Docbert v0.4

2026-04-15

docbert is a local document search tool. You point it at your files, it indexes them, and you get search results back from the terminal, a web app, or through MCP inside your AI agent. Nothing leaves your machine.

v0.4 is a stability release. No new features, but a lot of things that should have worked before now actually do.

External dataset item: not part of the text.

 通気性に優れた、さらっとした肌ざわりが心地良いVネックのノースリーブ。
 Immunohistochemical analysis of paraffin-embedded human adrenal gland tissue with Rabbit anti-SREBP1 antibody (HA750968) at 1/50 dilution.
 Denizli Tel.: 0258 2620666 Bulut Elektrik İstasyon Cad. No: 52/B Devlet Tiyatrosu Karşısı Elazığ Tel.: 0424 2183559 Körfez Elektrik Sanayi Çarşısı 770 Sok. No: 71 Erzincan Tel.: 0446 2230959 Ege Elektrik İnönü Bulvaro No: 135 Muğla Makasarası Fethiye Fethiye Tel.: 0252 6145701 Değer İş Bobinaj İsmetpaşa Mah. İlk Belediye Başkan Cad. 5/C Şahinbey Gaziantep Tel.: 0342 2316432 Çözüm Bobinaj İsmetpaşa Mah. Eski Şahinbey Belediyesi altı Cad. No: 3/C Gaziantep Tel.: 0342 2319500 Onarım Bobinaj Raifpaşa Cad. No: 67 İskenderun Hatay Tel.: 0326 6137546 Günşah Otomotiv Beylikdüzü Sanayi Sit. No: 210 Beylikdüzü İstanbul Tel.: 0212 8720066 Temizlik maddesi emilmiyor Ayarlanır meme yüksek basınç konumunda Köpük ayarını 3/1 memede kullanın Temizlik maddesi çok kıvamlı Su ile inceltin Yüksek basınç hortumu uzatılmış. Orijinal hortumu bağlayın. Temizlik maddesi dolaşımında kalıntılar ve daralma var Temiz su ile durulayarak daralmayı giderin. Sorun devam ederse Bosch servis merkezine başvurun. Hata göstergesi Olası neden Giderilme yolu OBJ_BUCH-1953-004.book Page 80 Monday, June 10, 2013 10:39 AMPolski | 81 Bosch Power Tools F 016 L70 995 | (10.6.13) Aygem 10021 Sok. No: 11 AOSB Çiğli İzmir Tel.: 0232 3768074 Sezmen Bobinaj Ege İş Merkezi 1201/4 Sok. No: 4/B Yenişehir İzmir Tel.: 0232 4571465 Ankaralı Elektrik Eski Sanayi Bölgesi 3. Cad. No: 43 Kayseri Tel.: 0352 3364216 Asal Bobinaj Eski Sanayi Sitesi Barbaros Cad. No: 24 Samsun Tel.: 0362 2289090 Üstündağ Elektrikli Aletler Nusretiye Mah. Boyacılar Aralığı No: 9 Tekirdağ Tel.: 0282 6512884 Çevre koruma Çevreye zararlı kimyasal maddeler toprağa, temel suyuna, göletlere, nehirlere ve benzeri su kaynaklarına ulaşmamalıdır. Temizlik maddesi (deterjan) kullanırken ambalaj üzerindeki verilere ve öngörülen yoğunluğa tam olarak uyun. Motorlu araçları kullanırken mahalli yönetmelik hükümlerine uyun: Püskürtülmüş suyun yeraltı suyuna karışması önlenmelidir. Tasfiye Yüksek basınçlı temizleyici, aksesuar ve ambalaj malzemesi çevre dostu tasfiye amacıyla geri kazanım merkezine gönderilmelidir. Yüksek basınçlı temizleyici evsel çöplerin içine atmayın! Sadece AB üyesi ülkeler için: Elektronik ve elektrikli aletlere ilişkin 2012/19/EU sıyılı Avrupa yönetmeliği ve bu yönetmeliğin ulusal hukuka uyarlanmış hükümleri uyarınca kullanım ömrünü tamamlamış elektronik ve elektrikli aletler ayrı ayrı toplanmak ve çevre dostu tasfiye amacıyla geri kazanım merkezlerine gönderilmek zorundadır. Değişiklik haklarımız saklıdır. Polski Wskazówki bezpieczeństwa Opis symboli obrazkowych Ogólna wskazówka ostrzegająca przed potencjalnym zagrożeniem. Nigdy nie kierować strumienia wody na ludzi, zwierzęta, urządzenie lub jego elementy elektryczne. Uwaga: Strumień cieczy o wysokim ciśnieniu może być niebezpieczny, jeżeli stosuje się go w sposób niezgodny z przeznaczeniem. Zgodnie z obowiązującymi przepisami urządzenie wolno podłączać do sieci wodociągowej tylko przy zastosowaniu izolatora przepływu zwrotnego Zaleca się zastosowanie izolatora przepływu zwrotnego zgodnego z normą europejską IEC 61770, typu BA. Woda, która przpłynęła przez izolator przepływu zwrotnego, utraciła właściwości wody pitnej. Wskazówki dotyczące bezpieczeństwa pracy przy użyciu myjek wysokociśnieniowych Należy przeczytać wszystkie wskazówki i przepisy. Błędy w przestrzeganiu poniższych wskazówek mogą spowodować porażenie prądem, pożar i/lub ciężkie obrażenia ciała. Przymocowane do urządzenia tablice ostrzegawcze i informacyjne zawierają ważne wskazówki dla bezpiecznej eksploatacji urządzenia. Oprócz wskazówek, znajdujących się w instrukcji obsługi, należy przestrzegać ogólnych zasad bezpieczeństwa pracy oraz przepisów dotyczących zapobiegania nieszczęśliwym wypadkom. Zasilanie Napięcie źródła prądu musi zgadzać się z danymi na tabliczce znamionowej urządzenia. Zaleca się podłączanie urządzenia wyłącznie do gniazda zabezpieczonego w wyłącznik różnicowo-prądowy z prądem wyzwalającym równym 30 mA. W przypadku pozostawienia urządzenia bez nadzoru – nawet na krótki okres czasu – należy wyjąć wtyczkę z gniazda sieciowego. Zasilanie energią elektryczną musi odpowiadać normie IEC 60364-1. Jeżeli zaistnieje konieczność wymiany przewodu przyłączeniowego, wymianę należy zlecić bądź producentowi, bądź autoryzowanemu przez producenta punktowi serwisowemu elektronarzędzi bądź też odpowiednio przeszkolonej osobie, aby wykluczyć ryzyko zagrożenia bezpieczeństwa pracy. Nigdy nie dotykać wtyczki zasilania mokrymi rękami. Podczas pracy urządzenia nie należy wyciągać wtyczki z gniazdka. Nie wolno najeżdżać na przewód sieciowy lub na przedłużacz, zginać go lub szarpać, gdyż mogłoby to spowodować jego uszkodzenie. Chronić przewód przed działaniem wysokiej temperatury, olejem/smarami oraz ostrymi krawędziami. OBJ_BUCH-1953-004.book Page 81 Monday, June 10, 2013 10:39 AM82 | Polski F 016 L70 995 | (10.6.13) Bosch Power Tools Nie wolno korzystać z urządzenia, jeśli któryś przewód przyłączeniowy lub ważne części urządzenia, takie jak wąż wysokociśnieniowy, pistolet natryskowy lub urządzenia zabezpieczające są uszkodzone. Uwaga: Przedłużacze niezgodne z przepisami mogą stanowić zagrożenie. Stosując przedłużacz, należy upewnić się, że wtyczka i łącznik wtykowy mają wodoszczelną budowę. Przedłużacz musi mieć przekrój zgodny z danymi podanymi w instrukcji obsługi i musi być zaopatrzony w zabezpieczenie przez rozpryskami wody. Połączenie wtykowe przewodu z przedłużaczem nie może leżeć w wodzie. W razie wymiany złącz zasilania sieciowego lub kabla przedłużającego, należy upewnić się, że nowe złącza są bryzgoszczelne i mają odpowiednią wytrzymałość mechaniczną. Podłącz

Important: this release changes how document IDs are generated. After upgrading, run docbert rebuild to reindex your collections.

What changed

Document IDs no longer collide. The old 24-bit short IDs had realistic collision odds at moderate corpus sizes. IDs are now full blake3 hashes, with short prefixes kept only for display (like git SHAs). This is what requires the rebuild.
Short IDs auto-extend to stay unique. When two documents share a prefix, docbert now extends it to the shortest unambiguous length instead of giving up.
PDFs work everywhere. Several code paths were silently failing on PDF files because they tried to read them as text. PDFs now go through proper content extraction in search, retrieval, the CLI, and MCP.
Batch uploads are atomic. If one document in a multi-file upload fails, all previously committed documents in that batch are rolled back, including restoring any overwritten files to their original contents.
Deletes and syncs no longer leave orphans. Operations that touch the index, embeddings, and metadata now run in a safe order so a failure at any step leaves everything consistent.
Rebuilding embeddings no longer destroys metadata. docbert rebuild --embeddings-only used to wipe all document and user metadata. It now preserves them.
Removing a collection cleans up properly. Stale Merkle snapshots were left behind, causing re-added collections to report “up to date” even though all indexed data was gone.
File extensions are case-insensitive. Files like README.MD or paper.PDF were silently skipped during discovery.
Ambiguous bare paths are rejected. If multiple collections contain a file with the same name, docbert now asks you to use collection:path syntax instead of silently picking one.
Symlinks outside the collection root are rejected. Previously, symlinks pointing outside the root could be indexed but never read, creating ghost documents in search results.
Path traversal is blocked everywhere. CLI and MCP document access now share the same path safety checks as the web interface.
Sync deletes actually work. Deleted files were not being removed from the search index due to an ID format mismatch between the sync code and Tantivy.

Upgrading

docbert rebuild

That’s it. Your collections and settings are preserved, only the index and embeddings are regenerated.